● The records
======
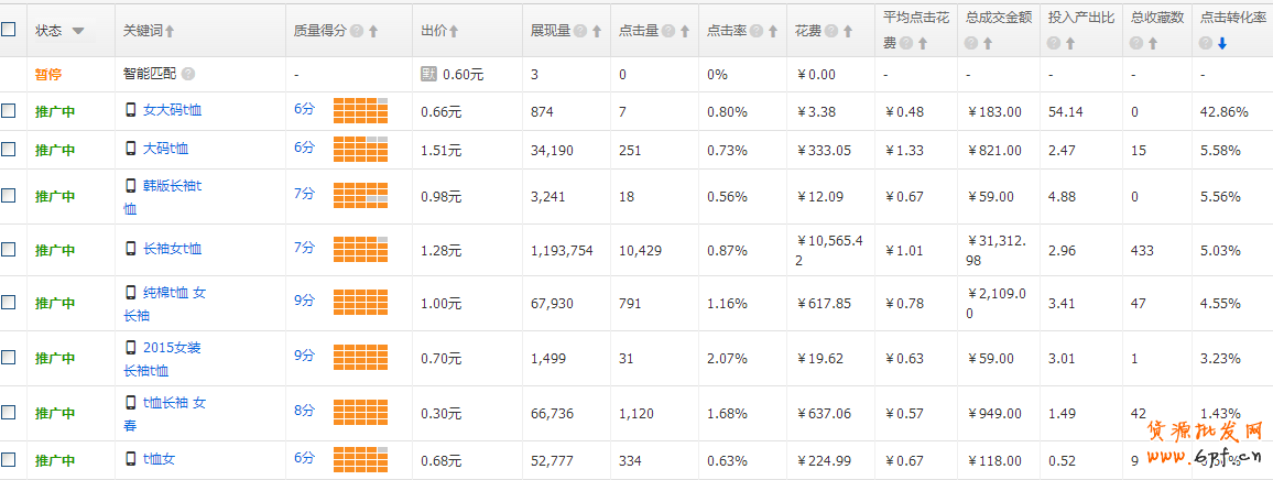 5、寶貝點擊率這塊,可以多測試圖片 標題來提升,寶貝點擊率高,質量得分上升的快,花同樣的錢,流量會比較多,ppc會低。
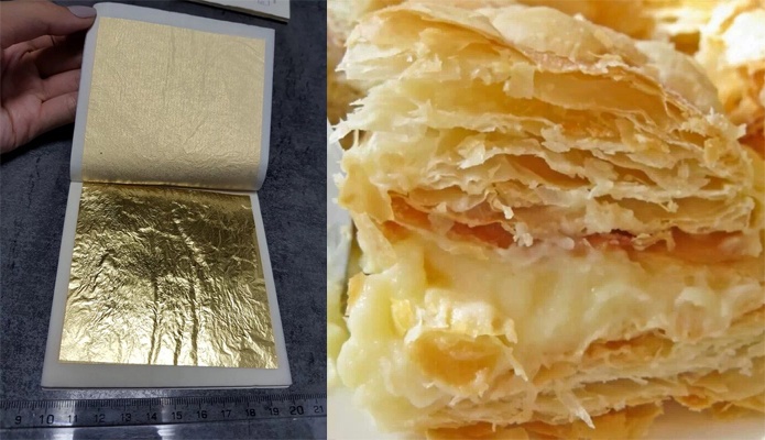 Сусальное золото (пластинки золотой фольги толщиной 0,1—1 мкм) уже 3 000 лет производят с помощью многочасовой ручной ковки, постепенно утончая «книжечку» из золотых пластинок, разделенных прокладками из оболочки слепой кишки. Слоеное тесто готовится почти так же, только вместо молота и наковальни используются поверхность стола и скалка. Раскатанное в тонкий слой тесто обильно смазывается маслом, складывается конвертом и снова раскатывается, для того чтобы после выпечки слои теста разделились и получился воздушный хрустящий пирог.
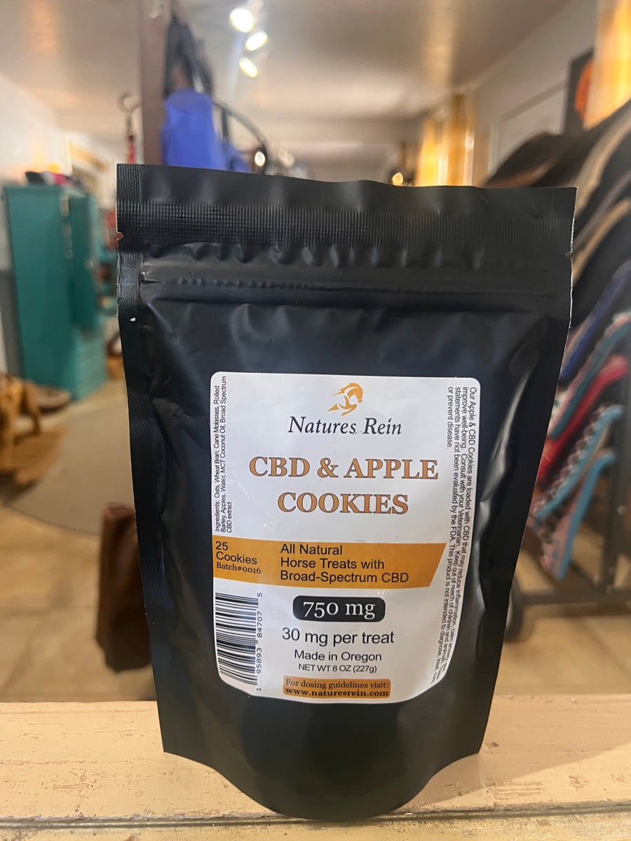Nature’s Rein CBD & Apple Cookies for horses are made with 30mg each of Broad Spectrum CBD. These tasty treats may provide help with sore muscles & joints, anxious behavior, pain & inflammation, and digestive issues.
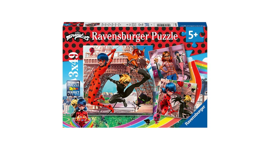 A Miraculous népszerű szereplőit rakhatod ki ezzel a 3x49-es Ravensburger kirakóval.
======
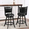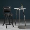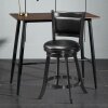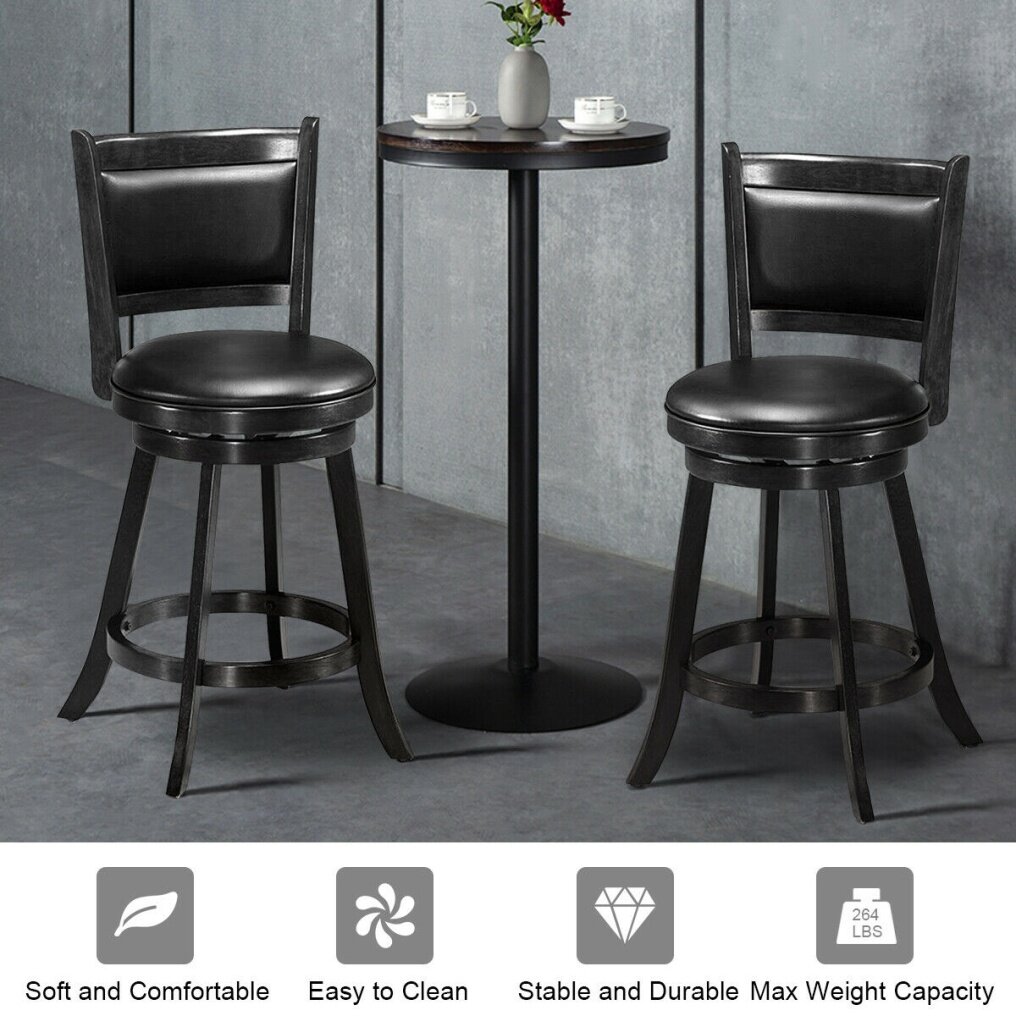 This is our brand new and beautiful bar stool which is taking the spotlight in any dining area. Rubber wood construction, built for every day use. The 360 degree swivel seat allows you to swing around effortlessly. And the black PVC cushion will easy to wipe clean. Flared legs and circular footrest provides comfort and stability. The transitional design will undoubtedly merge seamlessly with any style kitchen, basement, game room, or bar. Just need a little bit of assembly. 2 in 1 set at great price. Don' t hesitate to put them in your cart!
======
Out of the records above, return only the lines from the one with "Сусальное золото (пластинки" through the one with "Nature’s Rein CBD", exactly, and none of the pictures.

● Answer to the exercise
 Сусальное золото (пластинки золотой фольги толщиной 0,1—1 мкм) уже 3 000 лет производят с помощью многочасовой ручной ковки, постепенно утончая «книжечку» из золотых пластинок, разделенных прокладками из оболочки слепой кишки. Слоеное тесто готовится почти так же, только вместо молота и наковальни используются поверхность стола и скалка. Раскатанное в тонкий слой тесто обильно смазывается маслом, складывается конвертом и снова раскатывается, для того чтобы после выпечки слои теста разделились и получился воздушный хрустящий пирог.
Nature’s Rein CBD & Apple Cookies for horses are made with 30mg each of Broad Spectrum CBD. These tasty treats may provide help with sore muscles & joints, anxious behavior, pain & inflammation, and digestive issues.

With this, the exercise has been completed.